This is a follow-up question on a previous one here looking for a solution to this very common task of searching for a string in a text irrespective of the vowel diacritics associated with. Arabic alphabet is made of 28 letters and 80 vowel diacritics (a.k.a. tashkeel or harakat).
Example Arabic text with diacritics
الَّذِي يَزْرَعُهُ الإِنْسَانُ إِيَّاهُ يَحْصُدُ أَيْضًا.
The same text without diacritics
الذي يزرعه الإنسان اياه يحصد ايضا.
Trials
As mentioned earlier, most trials in Emacs were posted here. The devised function arabic-search-without-diacritics
used to work back then, but not anymore. An alternative approach had been added later, but I don't know for sure how to translate that into an elisp function to achieve this diacritics-free kind of search.
Another approach mentioned here under the name of character folding with Isearch
function and this feature was first introduced in Emacs 25. The example used there was when looking for e
in a text with many accented e's: e e ㋎ ㋍ ⓔ ⒠ ⅇ ℯ ₑ ẽ ẽ ẻ ẻ ẹ ẹ ḛ ḛ ḙ ḙ ᵉ ȩ ȩ ȇ ȇ ȅ ȅ ě ě ę ę ė ė ĕ ĕ ē ē ë ë ê ê é é è è
hit C-s and type e
, the incremental search will highlight some but not all e's. Now M-x isearch-toggle-char-fold
and do the search again. If you do the search again for e
almost all e's will be highlighted, even the accented ones. My question is how to achieve this wonderful feature of character folding
in Arabic language given the 28 letters and 80 diacritics it has?
Note
In the Emacs wiki, there is something called char-fold-ad-hoc
Option ‘char-fold-ad-hoc’ lets you customize this set of ad hoc foldings. The default value is the same set provided by vanilla Emacs.
I wonder whether this option is relevant to what I am trying to achieve or not. Any help would be very much appreciated.
Update 1
There is also what is called char-fold-symmetric
mentioned in masteringemacs.org website. However, it wasn't mentioned there where to find this option to see if it works with Arabic diacritics or not. According to this website:
Char folding is a hidden gem of a feature.
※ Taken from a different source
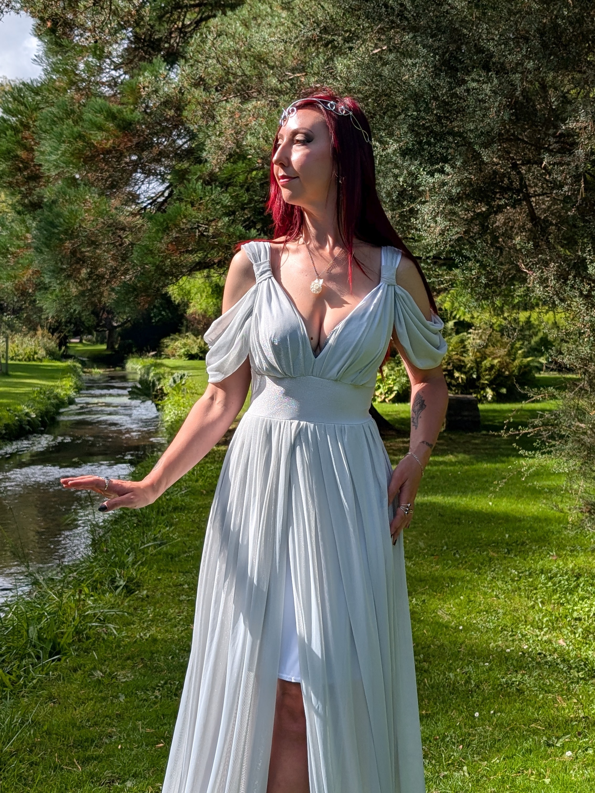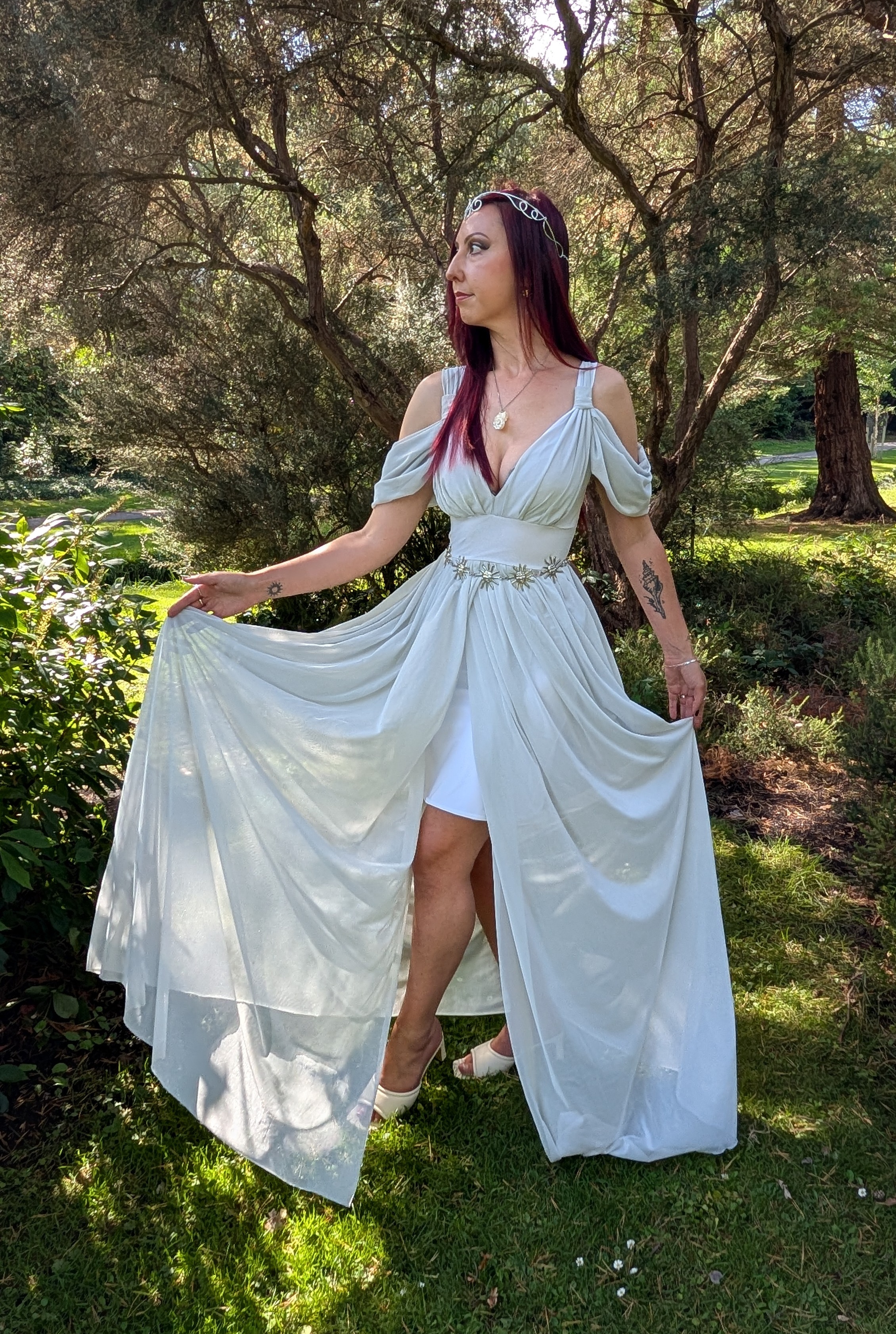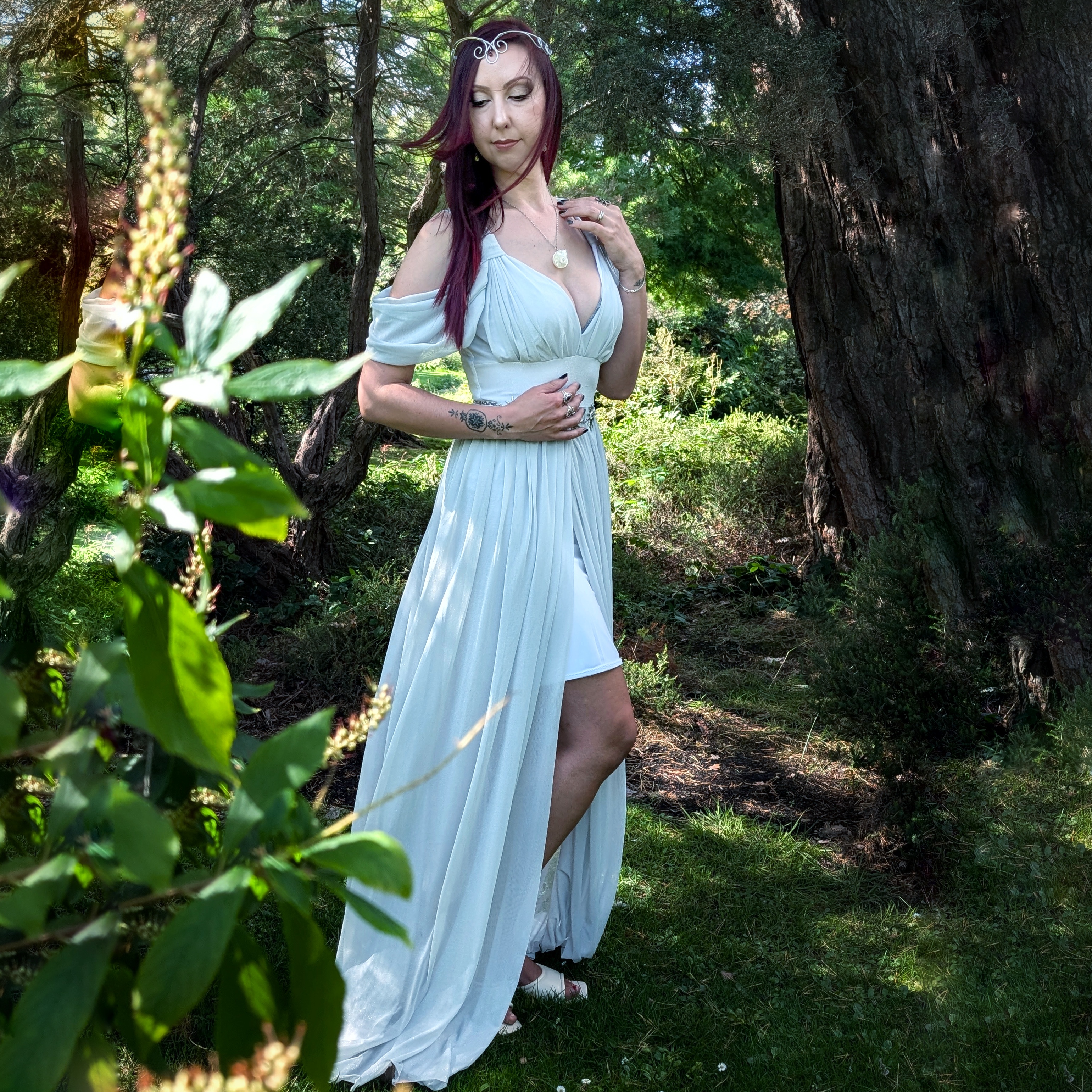Grecian style maxi dress with front split and off shoulder detailing. Elven princess or Goddess, this is certainly a dress for ethereal beings.

New char-folding options: 'char-fold-include' lets you add ad hoc foldings, 'char-fold-exclude' to remove foldings from default decomposition, and 'char-fold-symmetric' to search for any of an equivalence class of characters. For example, with a nil value of 'char-fold-symmetric' you can search for "e" to find "é", but not vice versa. With a non-nil value you can search for either, for example, you can search for "é" to find "e".
Useful keybinding found in isearch help
I looked up isearch
help and found out that after invoking isearch
by C-s you can press M-s ' to toggle character folding, but unfortunately it didn't work for Arabic case only the above (e) example.
isearch for Arabic strings in action
For some strange reason I couldn't capture the problem of char-folding in Aarabic text using GIF, it was only possible with the (e) example, but this is just to confirm that char-folding doesn't work for all of the words in the Arabic sentence above.
keywords
character folding
,text normalization
, diacritic insensitive search
, text cleansing
Update 2
I found this answer in this post very informative and useful but in Java, interestingly enough it deals with the Tatweel character as well.